Gina sorriu: - Não, somos apenas amigos. Um amigo que irei manter próximo a mim. Assim como o resto de vocês. Não vou mais me fechar para vocês. Eu preciso muito de vocês para fazer isso.

Mais uma vez, suas amigas a abraçaram. Lágrimas foram derramadas, e então risadas foram compartilhadas.

- Eu estou cansada. Vou subir. Vejo vocês de manhã. - ela disse enquanto se dirigia à escada das garotas.

- Gina, posso te perguntar uma coisa? - disse Ash.

- Claro, qualquer coisa. - ela respondeu quando se virou.

- Harry te deu algo hoje à noite? Um presente ou algo do tipo? - a amiga, preocupada, perguntou.
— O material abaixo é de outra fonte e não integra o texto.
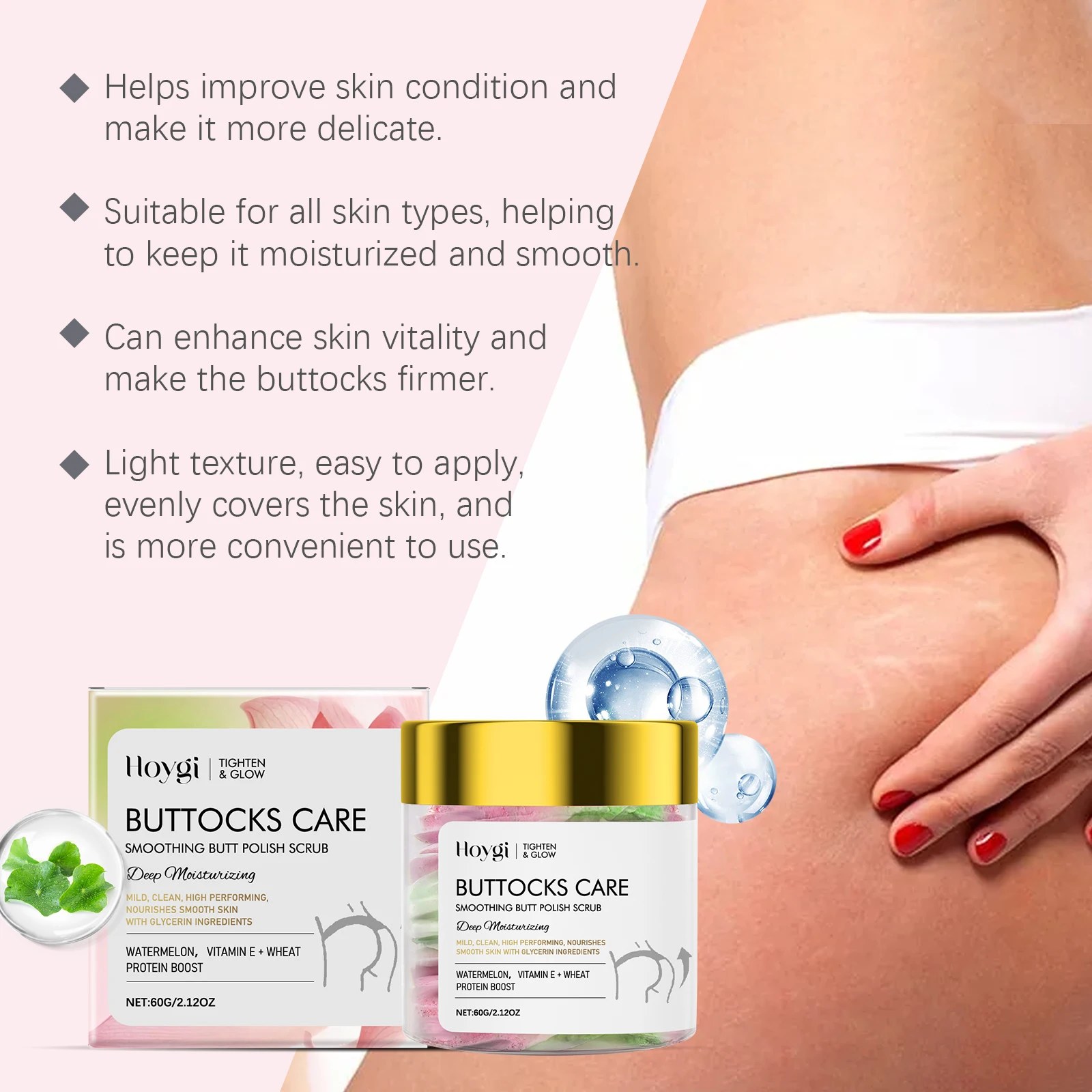 3. Firming and brightening: helps improve skin condition and makes the buttocks firmer and smoother.

Gina gargalhou um pouco: - De fato ele me deu.

- O quê? - perguntou Michelle.

- Paz de espírito. - ela disse, virou-se, e subiu as escadas.

Ash, Michelle, Pauline, Kristin e Robin olharam uma para a outra. Eles tinham feito aquilo de novo. Um tinha dado ao outro um presente para a alma. Todas as cinco garotas sentaram em suas mesas e fizeram seus trabalhos. Nenhuma outra palavra foi pronunciada sobre Gina e Harry.


Assim que Gina deitou em sua cama, ela pensou em Harry. Ele realmente tinha dando um presente a ela. Ele deu ele mesmo a ela. Ele tinha oferecido sua amizade, e ela tinha aceitado. Ela lembrou do que ele tinha dito a ela. "Voldemort está vindo atrás de mim, quer você queira, quer não. Eu preferia poder olhar para trás e lembrar dos bons momentos com você, do que olhar para trás e não vê nada". Ela sorriu com aquele pensamento. Sim, ela também gostaria de olhar para trás e lembrar bons momentos com Harry Potter. Ela fechou os olhos e teve um sono calmo.